MONSTER FROM GREEN HELL – Kenneth G. Crane
Lo scienziato Quent Brady (Jim Davis) è un vero amico degli animali, difatti ne spedisce qualcuno nello spazio per testare gli effetti delle radiazioni cosmiche. Il risultato sarà una enorme ed incazzatissima vespa gigante che atterra sulle coste africane, seminando terrore e morte tra le popolazioni locali.
In breve il plot di questa raffazzonatissima pellicola realizzata con materiale di recupero ripescato da documentari di branchi di elefanti e gazzelle all’abbeverata, animazioni a passo uno di un ridicolo vespone di cartapesta rassomigliante più ad un moscone (l’entomologia doveva essere una branca sconosciuta negli anni ’50 in america almeno per quanto riguarda gli addetti agli effetti speciali). Un monster movie fra i più ridicoli ch’io abbia mai visto, con attacchi di indigeni ai danni della spedizione del dottor Brady, rubati praticamente da Stanley and Livingstone (1939). La parte centrale del film vede gli scienziati americani che, nell’intento di raggiungere l’accampamento del Dr. Lorentz (Vladimir Sokoloff) devono affrontare il sole africano e le piogge torrenziali, pozze d’acqua avvelenate e fatiche inumane. La cosa divertente è che dopo averci fatto vedere le indicibili fatiche nel raggiungere il campo con un gruppo di portantini neri che trasportano materiale scientifico, cosa ci fa trovare al campo il regista, colpevole dell’opera ovvero il sedicente Kenneth G. Crane? Un pianoforte! Si avete capito bene, la figlia del dottor Lorentz (Barbara Turner) si mette a suonare un piano in una capanna nella foresta! Si resta basiti se si pensa a quanti sacrifici sia costato ai poveri indigeni il trasporto di codesto strumento. Del resto la pellicola ha più di una connotazione razzista e colonialista tipica dell’epoca.

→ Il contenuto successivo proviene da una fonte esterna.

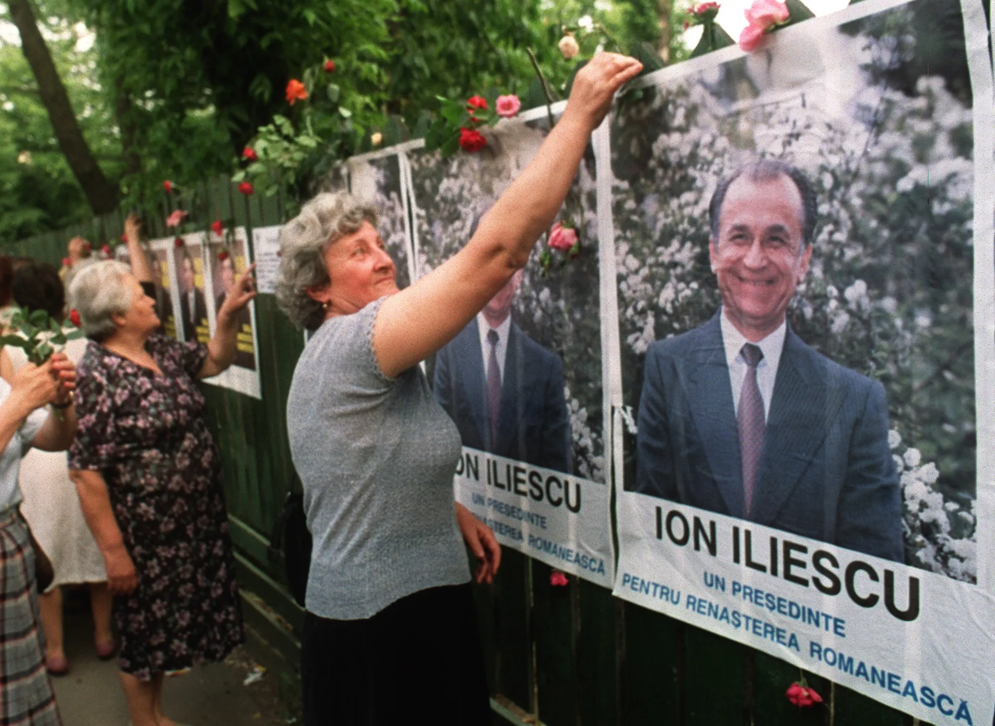 1990年5月總統和立法選舉前,布加勒斯特的救國陣線支持者在伊利埃斯庫最後一次競選活動中,將鮮花放在他們領導人的海報上。攝影師:傑拉德·福埃特/AFP/Getty Images儘管他在共產黨政權垮台後因迅速穩定國家局勢而受到讚譽,但其總統任期卻因多項爭議性決策和事件蒙上陰影——首當其衝的便是1990年他召集礦工鎮壓布加勒斯特反政府抗議活動,最終演變成導致數千人受傷的暴力衝突。

Il Dr. Brady sviene travolto dalle fatiche ma, appena riavutosi dal trauma, il suo collega (Robert Griffin) gli accende subito una bella sigaretta. La ragazza passa il tempo a coprirsi il volto con il petto dell’aitante scienziato (ed è pure sdentata, come ci illustra un bel primo piano di questa negatissima attrice), poi il moscone lotta con un serpente di gomma: ogni tanto l’insetto sembra alto come un palazzo ma può venir strangolato da un normalissimo boa constrictor dal momento che, per tutto il film, non ci è dato di capire le esatte dimensioni della creatura. In tutto questo il finale celebra la distruzione del mostro e della sua progenie con un’eruzione del vulcano sotto il quale la vespa gigante ha avuto la malaugurata idea di andare a fare le uova. Questo per concludere spettacolarmente quest’indegna gazzarra in bianco e nero con una serie di riprese di repertorio allietate in sottofondo dallo stridio sofferente dell’ape, che assomiglia tanto al verso di un maiale!